For more than 30 years a thermal energy plant sat just blocks from the heart of downtown Nashville, Tenn., on the Cumberland River, burning garbage. When the plant closed in 2004, city leaders wanted to give the 11-acre site a flashy new life. Various projects were proposed, including an office complex and a baseball stadium, but nothing garnered local support. In 2007, the city decided to turn the riverfront land into a park.

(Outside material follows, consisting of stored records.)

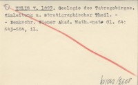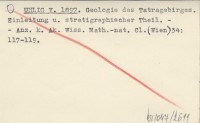 UHLIG V. 1897 Geologie des Tatragebirges. Einleitung u. stratigraphischer Theil.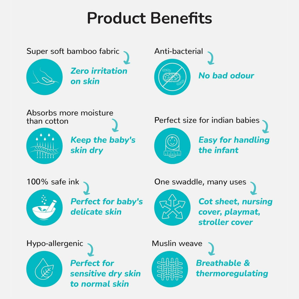- Size – just the right size of 90cm X 90cm for easy and secured swaddling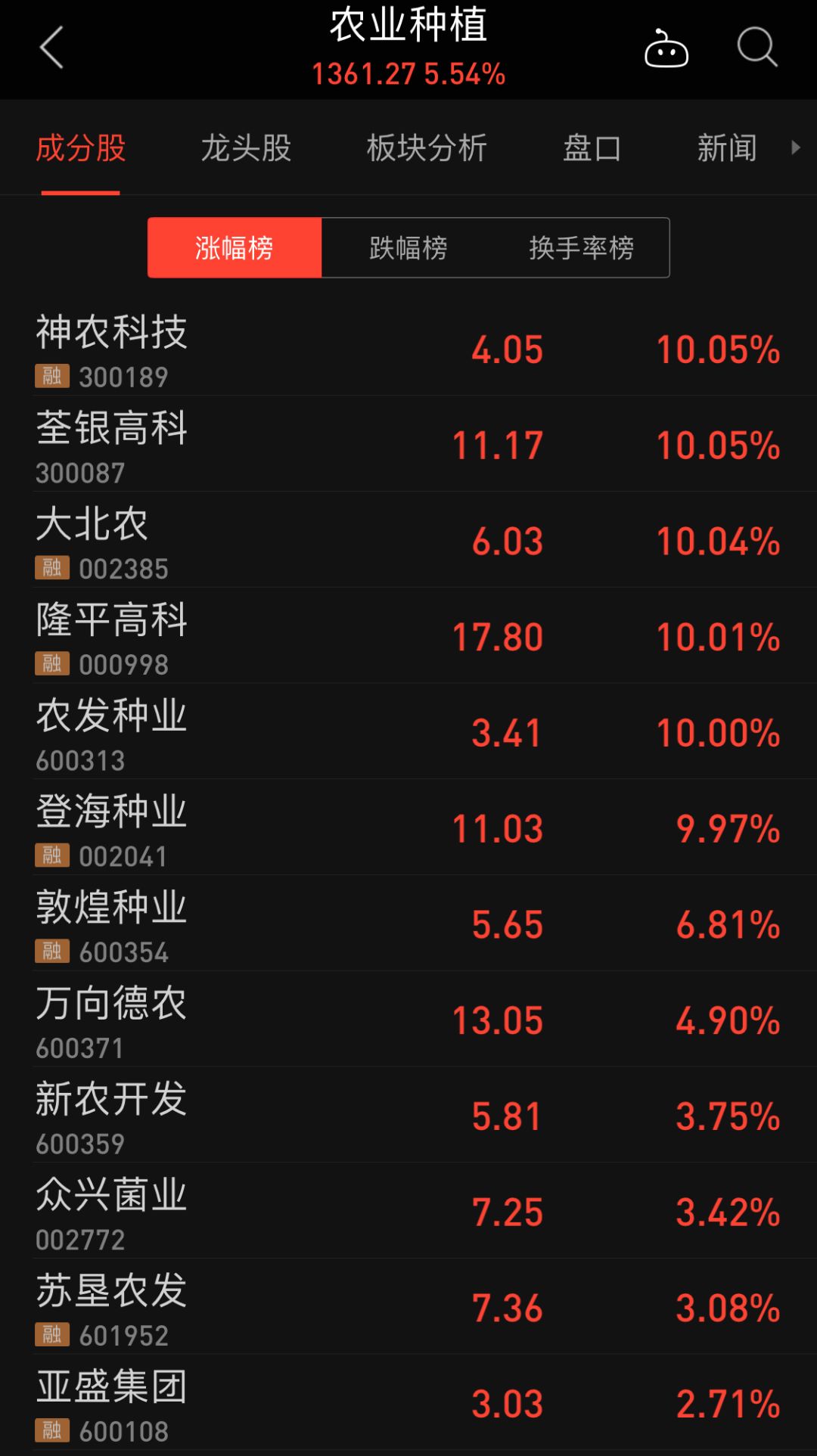 农业股开盘即走强,大北农、隆平高科一字板,农发种业、登海种业、神农科技高开秒板,丰乐种业等跟涨。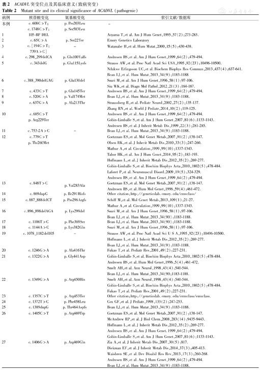 以"ACADVL"为检索词,检索中国知网(CNKI)数据库、万方数据库(建库至2016年12月)、PubMed数据库(建库至2016年12月)、在线人类孟德尔遗传数据库(OMIM)以及HGMD数据库,迄今已报道166种ACADVL基因突变类型,国内仅有5篇[3,4,5,6]文章报道了22例ACADVL基因突变导致的VLCADD。国外文献报道总结诸多ACADVL基因突变导致的VLCADD患者。现将国内外文献报道的73种与VLCADD有关的基因突变类型及本例2个新发突变共75例的资料总结如下,有105-BP DEL等31个是致病突变(表2),其中错义突变有27个,无义突变有4个,缺失有2个,且以错义突变最为常见。且有报道称c.343delG(p.Gln100Valfs)与VLCADD心肌病型有相关性[7],c.637G>A(p.Ala213Thr)与该病的肝型有相关性[8]。有c.-63_-49dupGGGCGTGCAG-GACGC等9个突变是良性变异,NG_007975.1:g.5088T>C等26个突变是临床意义未明,NM_000018.3(ACADVL):c.623-8C>T等7个致病性有争议的。
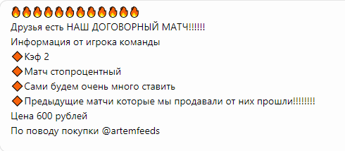 Второй платной услугой проекта являются ставки на договорные матчи. Автор дает гарантию на 100% проходимость и утверждает, что сам ставит на данный исход крупную сумму. Стоимость одного договорняка – 600 рублей.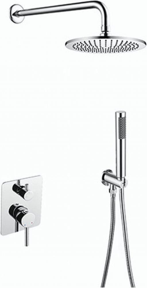• podomítkový sprchový komplet • směšovací páková baterie • přepínač funkcí • 1-funkční hlavová sprchovací hlavice ø 200 mm, tl. 13 mm • stěnový vývod pro hlavovou sprchovací hlavici 360 mm • 1-funkční ruční sprcha • stěnový vývod s držákem ruční sprchy • sprchová hadice PVC, délka 1500 mm • připojovací závity G 1/2"

Nashville being the home of country music, it wasn’t long before the park’s plan was amended to include one additional amenity: an amphitheater. But the city’s then-mayor Karl Dean wanted to ensure the amphitheater didn’t detract from the park, according to Hunter Gee, AIA, principal at local firm Smith Gee Studio, the project’s architect of record. “From very early on there was almost a mandate that we reduce the visual impact on the city skyline,” says Gee. That was interpreted to mean punching a hole through the building to allow continuous views of downtown.

Having never built an amphitheater, Smith Gee Studio hired Hodgetts + Fung, known for its work renovating the Hollywood Bowl near its office in Los Angeles. “It’s very unusual for an amphitheater not to have a solid back to it,” says Craig Hodgetts, FAIA.